▶ _To do_: Shown below is a listing with pictures; reproduce exactly, and only, the lines between the ones containing "不仅如此,本次会议还邀请了国" and "Już 15 kwietnia", inclusive, leaving the pictures out.

▶ _Dataset records_:
______________________________

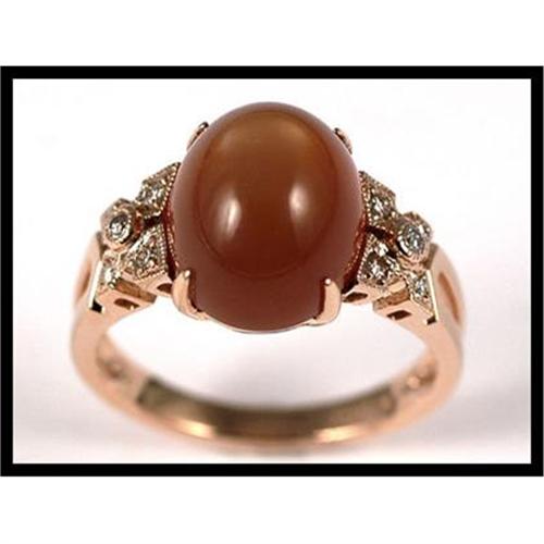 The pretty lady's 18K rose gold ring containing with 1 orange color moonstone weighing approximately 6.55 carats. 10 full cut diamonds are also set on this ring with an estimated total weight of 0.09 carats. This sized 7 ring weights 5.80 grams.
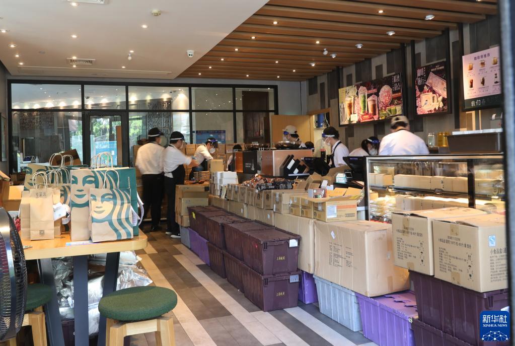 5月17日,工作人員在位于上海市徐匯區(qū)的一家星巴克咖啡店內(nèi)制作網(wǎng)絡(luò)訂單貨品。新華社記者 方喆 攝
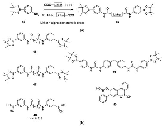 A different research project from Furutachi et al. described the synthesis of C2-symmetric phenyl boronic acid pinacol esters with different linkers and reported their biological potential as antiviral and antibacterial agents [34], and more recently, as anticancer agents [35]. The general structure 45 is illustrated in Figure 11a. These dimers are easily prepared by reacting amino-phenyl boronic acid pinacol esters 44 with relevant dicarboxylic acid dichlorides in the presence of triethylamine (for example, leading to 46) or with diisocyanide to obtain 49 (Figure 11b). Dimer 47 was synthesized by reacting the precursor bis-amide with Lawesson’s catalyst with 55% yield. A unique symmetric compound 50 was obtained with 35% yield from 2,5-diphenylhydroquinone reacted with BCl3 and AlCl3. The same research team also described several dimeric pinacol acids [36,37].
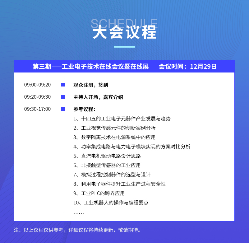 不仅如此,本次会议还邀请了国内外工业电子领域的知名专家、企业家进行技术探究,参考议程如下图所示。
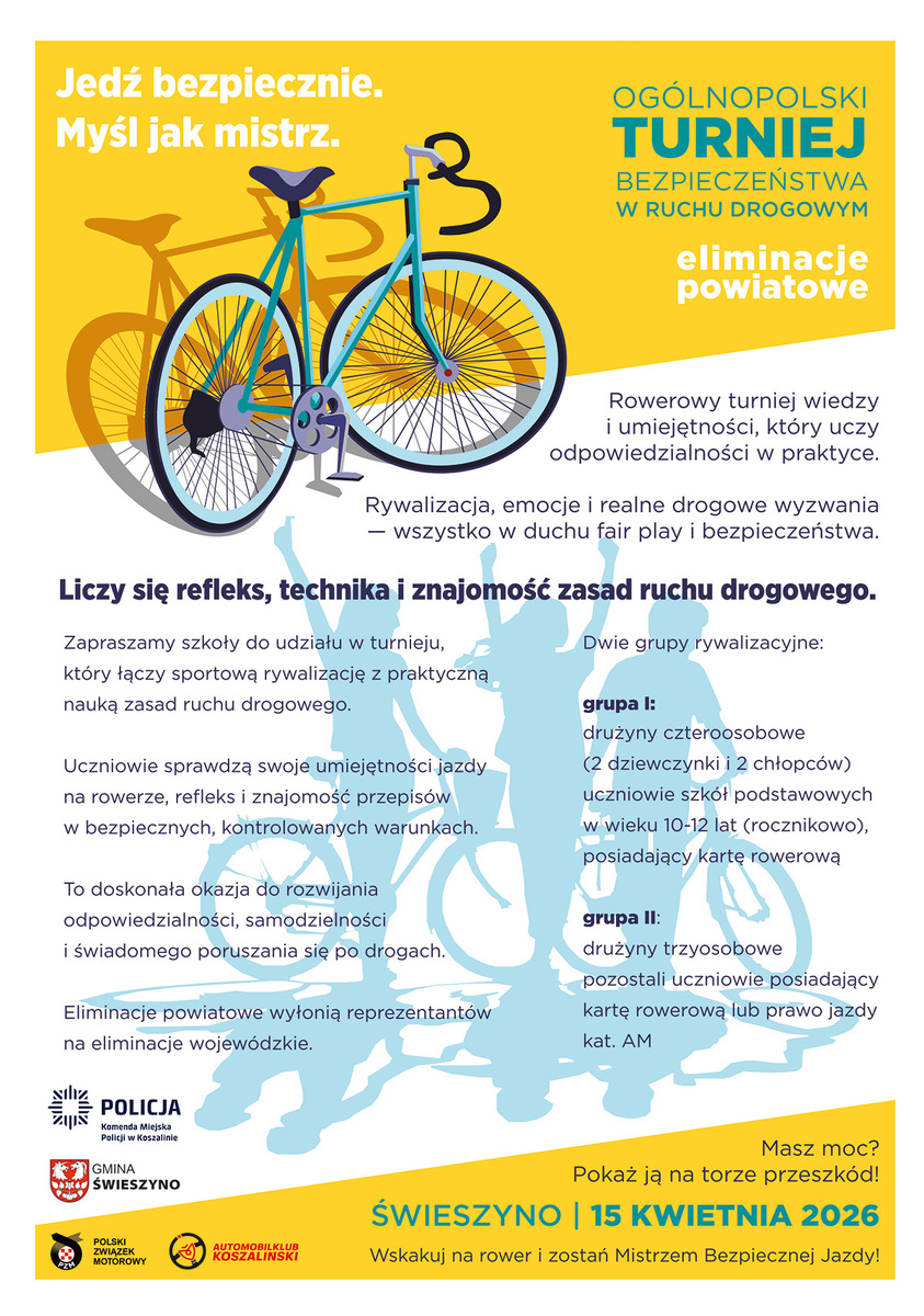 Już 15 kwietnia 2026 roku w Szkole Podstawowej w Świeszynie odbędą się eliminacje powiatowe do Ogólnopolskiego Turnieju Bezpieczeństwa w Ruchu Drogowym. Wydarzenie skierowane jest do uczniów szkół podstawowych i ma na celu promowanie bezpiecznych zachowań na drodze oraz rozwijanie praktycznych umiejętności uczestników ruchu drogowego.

______________________________

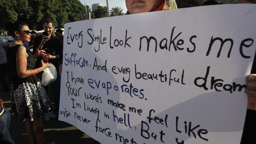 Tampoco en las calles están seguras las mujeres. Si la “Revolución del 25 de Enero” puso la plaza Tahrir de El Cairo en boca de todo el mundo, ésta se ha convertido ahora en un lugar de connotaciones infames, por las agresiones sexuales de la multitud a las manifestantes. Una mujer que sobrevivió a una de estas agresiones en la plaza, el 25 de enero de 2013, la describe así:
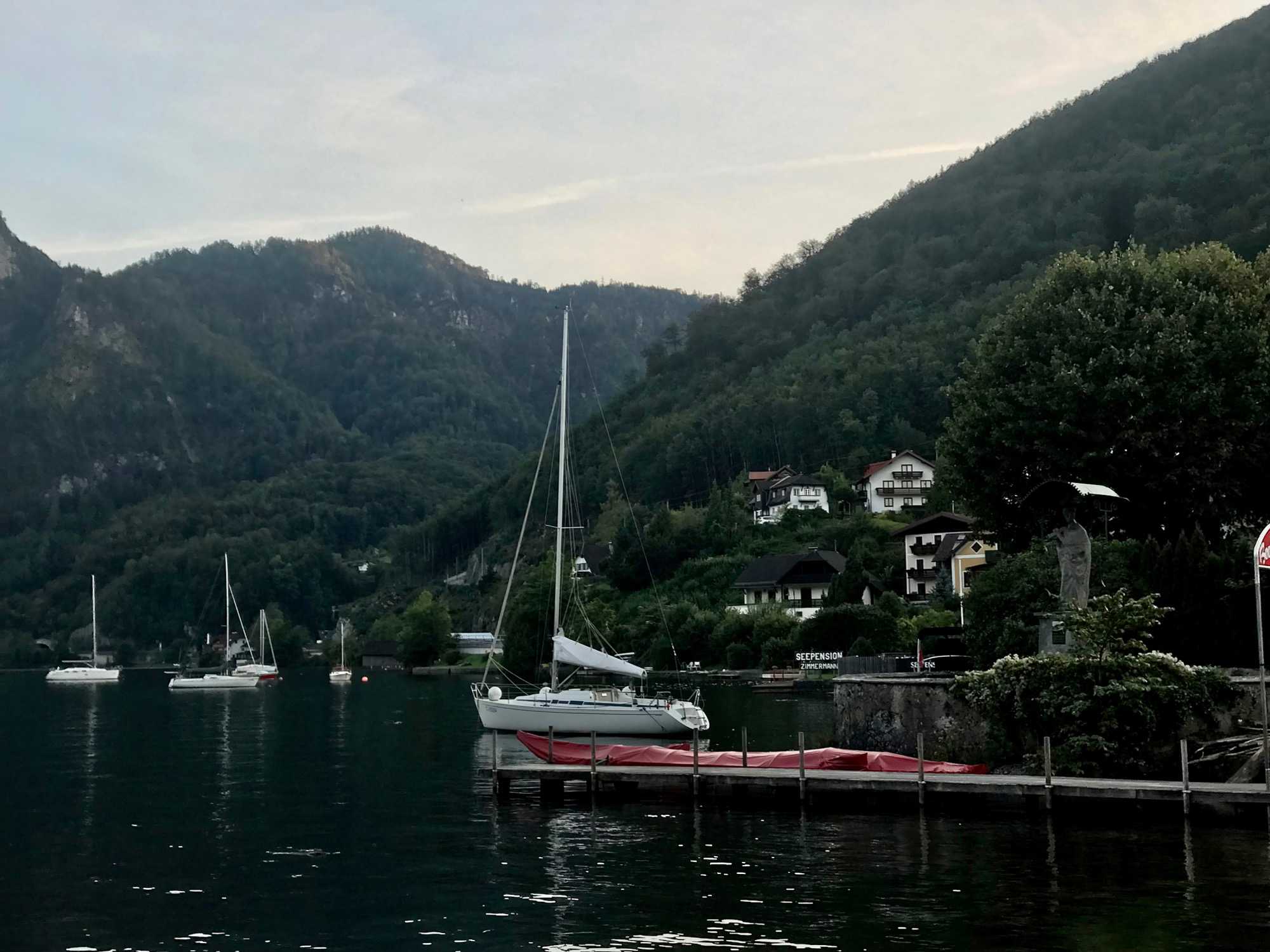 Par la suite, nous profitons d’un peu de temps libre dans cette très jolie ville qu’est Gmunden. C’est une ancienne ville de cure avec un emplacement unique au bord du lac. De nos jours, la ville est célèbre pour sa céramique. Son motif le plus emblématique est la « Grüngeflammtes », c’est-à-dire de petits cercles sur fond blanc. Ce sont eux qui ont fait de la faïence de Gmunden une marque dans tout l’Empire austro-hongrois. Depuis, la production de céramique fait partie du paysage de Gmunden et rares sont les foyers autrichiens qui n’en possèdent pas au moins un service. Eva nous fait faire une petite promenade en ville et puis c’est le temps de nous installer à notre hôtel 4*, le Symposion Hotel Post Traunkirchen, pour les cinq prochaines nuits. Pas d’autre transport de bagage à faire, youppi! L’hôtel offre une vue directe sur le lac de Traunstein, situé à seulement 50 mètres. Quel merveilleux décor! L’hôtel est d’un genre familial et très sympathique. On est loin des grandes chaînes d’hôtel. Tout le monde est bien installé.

______________________________

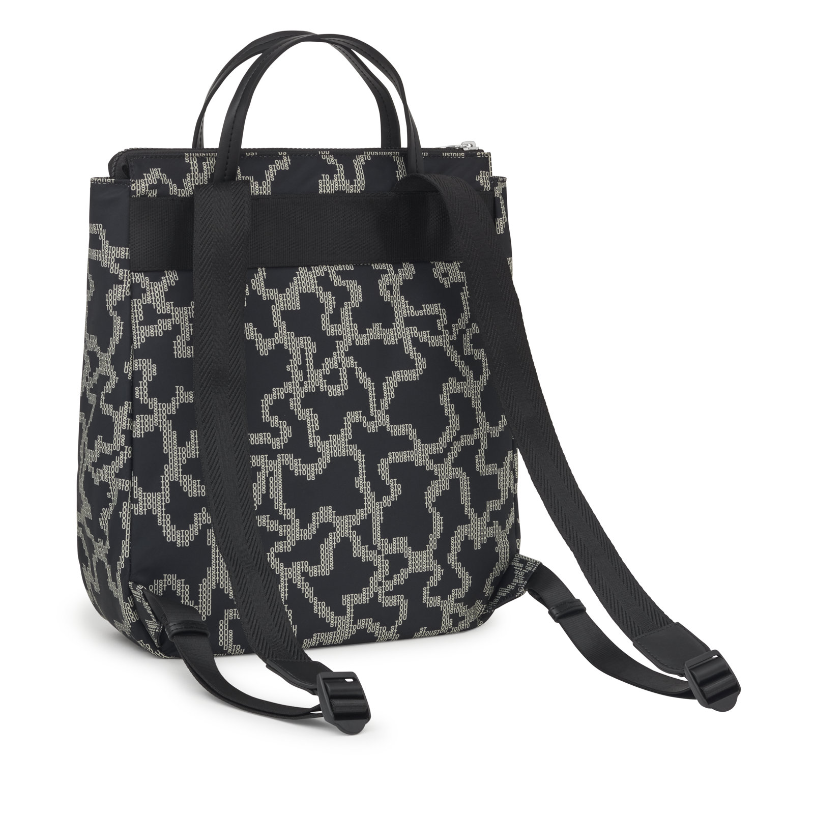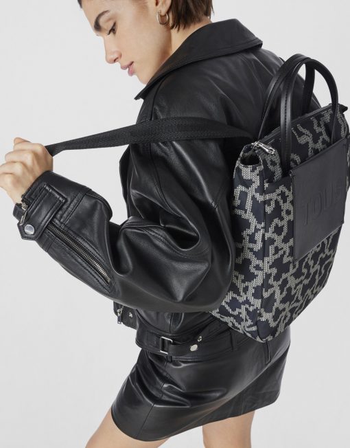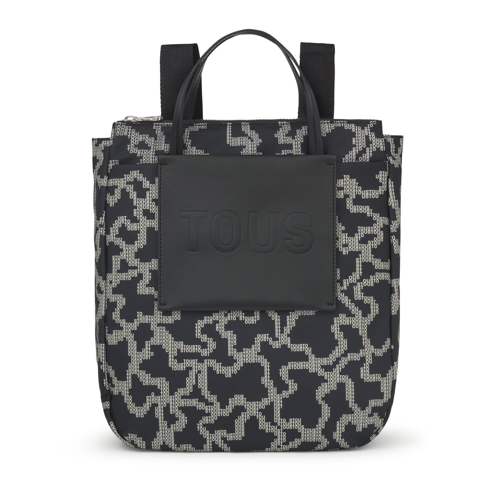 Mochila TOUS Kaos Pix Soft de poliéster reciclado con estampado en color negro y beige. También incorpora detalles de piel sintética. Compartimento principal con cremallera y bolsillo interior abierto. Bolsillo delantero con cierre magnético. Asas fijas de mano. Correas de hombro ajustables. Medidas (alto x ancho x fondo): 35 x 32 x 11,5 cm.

______________________________

▶ _Solution to the problem_:
 不仅如此,本次会议还邀请了国内外工业电子领域的知名专家、企业家进行技术探究,参考议程如下图所示。
 Już 15 kwietnia 2026 roku w Szkole Podstawowej w Świeszynie odbędą się eliminacje powiatowe do Ogólnopolskiego Turnieju Bezpieczeństwa w Ruchu Drogowym. Wydarzenie skierowane jest do uczniów szkół podstawowych i ma na celu promowanie bezpiecznych zachowań na drodze oraz rozwijanie praktycznych umiejętności uczestników ruchu drogowego.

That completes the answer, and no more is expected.